Brief
Wherever a line in the records below contains "gorge", copy that line.

____ Study material

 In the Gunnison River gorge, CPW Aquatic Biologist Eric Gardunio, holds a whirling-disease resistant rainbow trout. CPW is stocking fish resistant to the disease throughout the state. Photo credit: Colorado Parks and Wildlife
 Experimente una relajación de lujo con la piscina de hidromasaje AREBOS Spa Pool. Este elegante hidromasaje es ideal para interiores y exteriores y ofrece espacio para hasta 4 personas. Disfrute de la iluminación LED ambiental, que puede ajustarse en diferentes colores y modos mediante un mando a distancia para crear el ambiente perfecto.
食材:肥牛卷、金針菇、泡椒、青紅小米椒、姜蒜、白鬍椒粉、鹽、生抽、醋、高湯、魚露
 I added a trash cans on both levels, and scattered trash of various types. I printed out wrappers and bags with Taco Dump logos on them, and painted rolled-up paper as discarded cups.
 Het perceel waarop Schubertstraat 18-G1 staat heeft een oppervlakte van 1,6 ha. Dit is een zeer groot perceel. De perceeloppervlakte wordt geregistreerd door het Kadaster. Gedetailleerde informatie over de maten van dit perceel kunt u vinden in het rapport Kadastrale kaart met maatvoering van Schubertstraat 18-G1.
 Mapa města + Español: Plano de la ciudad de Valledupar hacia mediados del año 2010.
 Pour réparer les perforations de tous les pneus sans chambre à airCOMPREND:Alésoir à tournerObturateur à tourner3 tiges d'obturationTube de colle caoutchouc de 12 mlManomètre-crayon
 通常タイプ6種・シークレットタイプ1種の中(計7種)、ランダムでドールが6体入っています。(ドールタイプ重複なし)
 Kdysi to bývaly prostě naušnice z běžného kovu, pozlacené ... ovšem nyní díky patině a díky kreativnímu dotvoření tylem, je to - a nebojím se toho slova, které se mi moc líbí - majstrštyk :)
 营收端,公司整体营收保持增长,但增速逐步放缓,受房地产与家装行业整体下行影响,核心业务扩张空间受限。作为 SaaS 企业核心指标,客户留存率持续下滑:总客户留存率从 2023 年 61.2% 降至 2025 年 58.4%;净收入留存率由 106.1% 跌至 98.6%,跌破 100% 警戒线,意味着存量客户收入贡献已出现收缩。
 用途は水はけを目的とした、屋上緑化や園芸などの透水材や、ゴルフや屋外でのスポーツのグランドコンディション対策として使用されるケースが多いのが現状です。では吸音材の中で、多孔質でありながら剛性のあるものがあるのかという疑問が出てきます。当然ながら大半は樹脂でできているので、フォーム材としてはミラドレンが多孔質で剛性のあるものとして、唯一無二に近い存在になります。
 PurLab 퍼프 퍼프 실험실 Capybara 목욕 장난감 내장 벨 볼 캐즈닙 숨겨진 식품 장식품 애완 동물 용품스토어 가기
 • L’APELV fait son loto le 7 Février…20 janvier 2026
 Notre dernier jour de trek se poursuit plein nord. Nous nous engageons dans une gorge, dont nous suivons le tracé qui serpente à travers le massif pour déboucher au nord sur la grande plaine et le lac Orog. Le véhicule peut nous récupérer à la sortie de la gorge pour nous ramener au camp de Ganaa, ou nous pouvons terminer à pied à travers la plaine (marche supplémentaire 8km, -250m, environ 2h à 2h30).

________

Result of this task
 In the Gunnison River gorge, CPW Aquatic Biologist Eric Gardunio, holds a whirling-disease resistant rainbow trout. CPW is stocking fish resistant to the disease throughout the state. Photo credit: Colorado Parks and Wildlife
 Notre dernier jour de trek se poursuit plein nord. Nous nous engageons dans une gorge, dont nous suivons le tracé qui serpente à travers le massif pour déboucher au nord sur la grande plaine et le lac Orog. Le véhicule peut nous récupérer à la sortie de la gorge pour nous ramener au camp de Ganaa, ou nous pouvons terminer à pied à travers la plaine (marche supplémentaire 8km, -250m, environ 2h à 2h30).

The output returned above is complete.